Santa Clara, Calif. — Charles Phillips, Oracle's president, kicked off Software 2005, an annual event sponsored by venture-capital
firm Sand Hill Group, with a keynote address that focused on the future of the software industry, near-term customer issues
and, of course, an update on the PeopleSoft acquisition.
Phillips laid out for the audience of about 1,000 C-level executives representing the major high-tech software firms his view
on the industry move toward standardization at the application level. The president said that although the old battles such
as TCP versus token ring and the use of JDBC drivers are over, the acceptance of Java is still working its way through the
industry.
“Traditionally, packaged applications used proprietary stacks,” Phillips said, but Java is now finally becoming the de facto
standard for applications, he added. Phillips noted that Oracle is still in midstream in the conversion over to Java for its
applications.
“We are halfway there now,” Phillips said.

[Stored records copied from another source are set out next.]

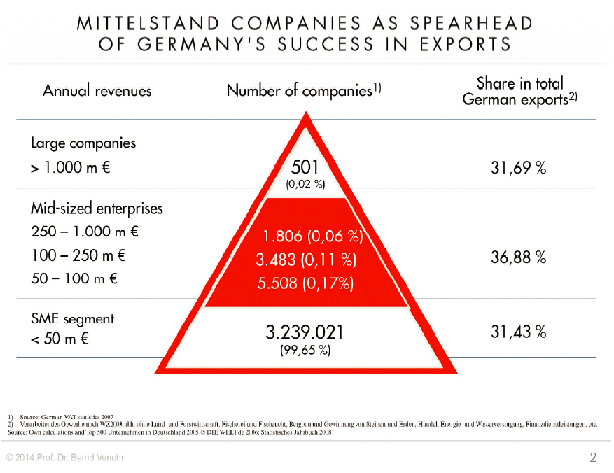 Mittelstand Pyramide. Source: Venohr, B., Fear, J., & Witt, A. (2015). "Best of German Mittelstand- The world market leaders." In Langenscheidt, F. & Venohr, B. (Eds.) The Best of German Mittelstand. cologne: Deutsche Standards Editionen
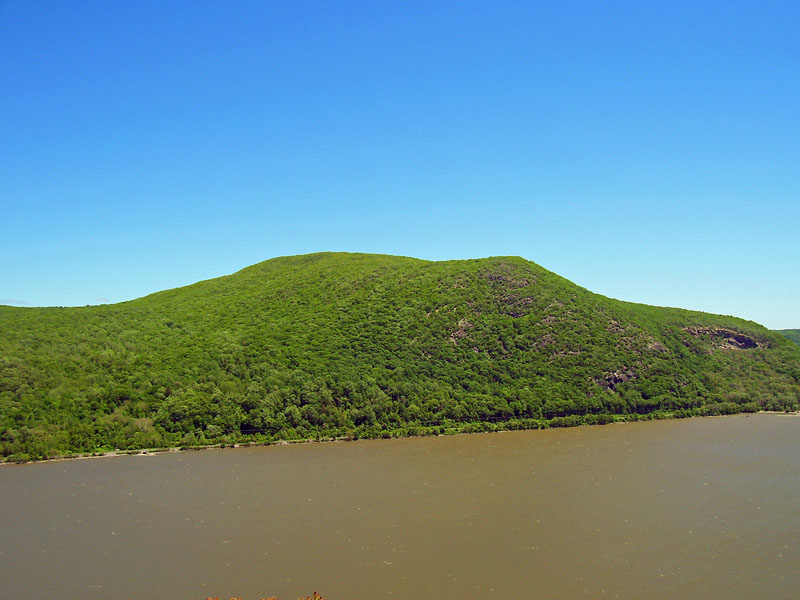 Bull Hill, New York, USA from Route 218 on the side of Storm King Mountain. Note old quarry site at right.
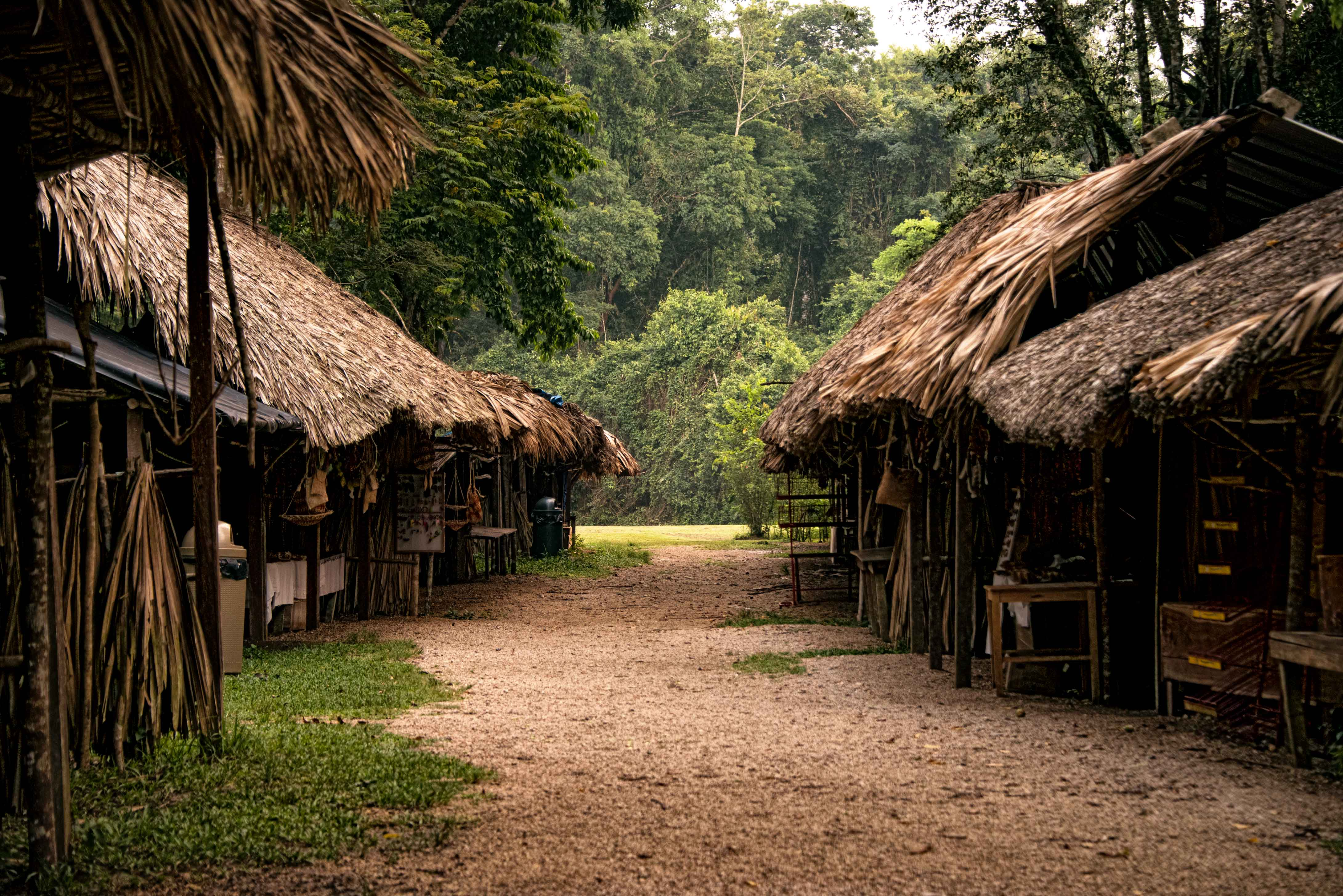 Mexico

In addition, the industry is in the midst of standardizing on the expression of APIs with XML, standardizing on Web services,
and designing component-based architectures.
Beyond standardization, the next big move in the industry is toward vertical packaged applications rather than horizontal
applications.
“Having line of business applications gives us a competitive advantage,” Phillips said, citing the fact that the recent acquisition
of Retek gives Oracle domain-specific knowledge in retailing.
The third major direction of the software industry is its move from being process driven to cross-process driven.
“Vendors typically built a general ledger application for the AS/400 or just a payroll application and optimized the data
for that one process,” Phillips said.
Now companies realize if they had the same data model across processes the quality of the information would be much higher.
“Data is fragmented,” Phillips said.
Finally, Phillips said because Oracle owns so much of the stack, applications, middleware, and the database, it will intensify
its efforts to create best practices around configurations that it will also certify.
“Our customers tell us that they will give up some choice to get a configuration that will work,” Phillips said, pointing
out that 94 percent of the company’s support calls are about how to configure changes across the layers of applications.
“Add a patch in Linux and five other things break,” Phillips said.
Phillips also continued Oracle’s endorsement of open source and Linux in particular, noting, however, that it is “not as solid
as some of the proprietary Unix platforms but it’s getting there.”
The Oracle president ended his keynote address with an update on the acquisition of PeopleSoft, repeating the company’s promise
to support PeopleSoft through 2013.
“One CIO told me his wife hasn’t even committed to him that long,” Phillips said.